## Aim of the task:
Beginning at the line that holds "(来源:资料图)由图可知,C", repeat every line through the last line of the material, exactly, and drop any pictures.

## Study material:
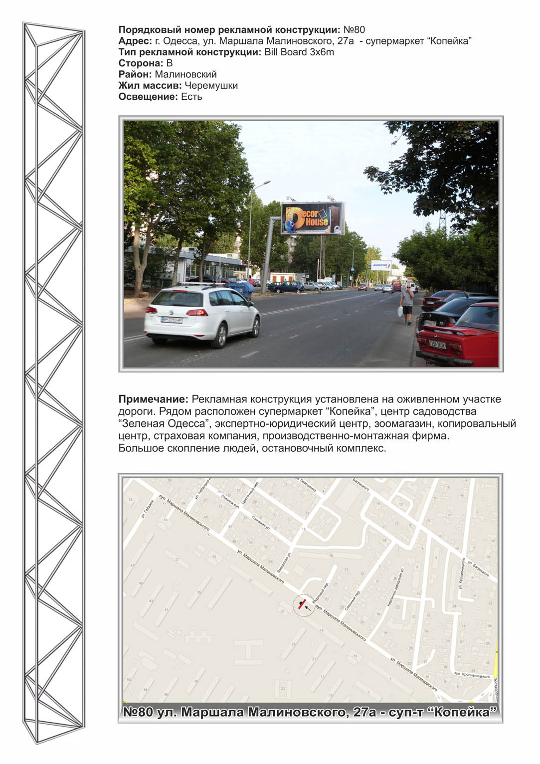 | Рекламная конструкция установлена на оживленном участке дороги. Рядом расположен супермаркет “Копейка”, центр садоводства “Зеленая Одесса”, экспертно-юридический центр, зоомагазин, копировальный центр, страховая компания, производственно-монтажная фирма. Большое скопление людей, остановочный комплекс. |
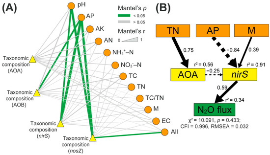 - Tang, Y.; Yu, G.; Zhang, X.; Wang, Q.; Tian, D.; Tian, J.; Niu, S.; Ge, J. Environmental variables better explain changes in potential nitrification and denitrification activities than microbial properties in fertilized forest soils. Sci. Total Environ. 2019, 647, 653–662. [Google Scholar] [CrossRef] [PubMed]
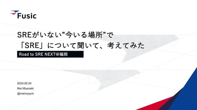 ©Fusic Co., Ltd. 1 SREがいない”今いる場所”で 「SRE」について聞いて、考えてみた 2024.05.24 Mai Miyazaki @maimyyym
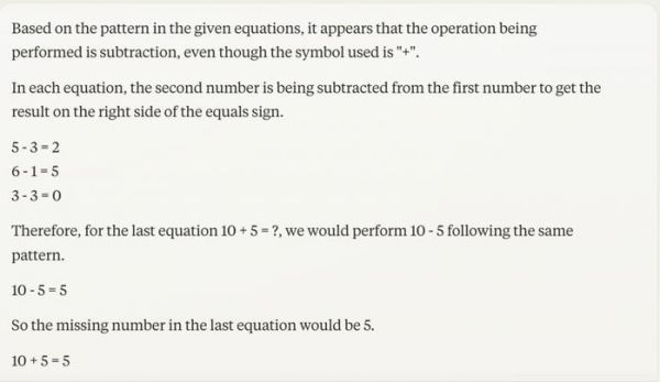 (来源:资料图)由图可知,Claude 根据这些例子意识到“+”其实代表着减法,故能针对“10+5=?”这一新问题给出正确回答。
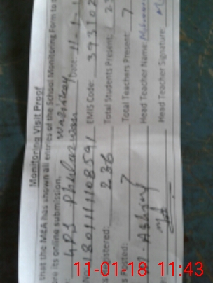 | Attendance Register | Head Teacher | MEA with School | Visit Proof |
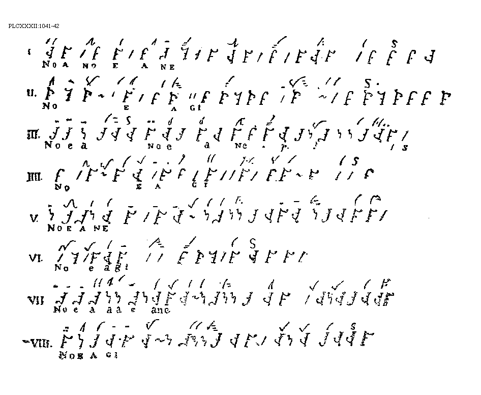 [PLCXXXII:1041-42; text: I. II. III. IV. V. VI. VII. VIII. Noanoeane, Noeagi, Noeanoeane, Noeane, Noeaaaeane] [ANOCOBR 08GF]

## Reply to the exercise:
 (来源:资料图)由图可知,Claude 根据这些例子意识到“+”其实代表着减法,故能针对“10+5=?”这一新问题给出正确回答。
 | Attendance Register | Head Teacher | MEA with School | Visit Proof |
 [PLCXXXII:1041-42; text: I. II. III. IV. V. VI. VII. VIII. Noanoeane, Noeagi, Noeanoeane, Noeane, Noeaaaeane] [ANOCOBR 08GF]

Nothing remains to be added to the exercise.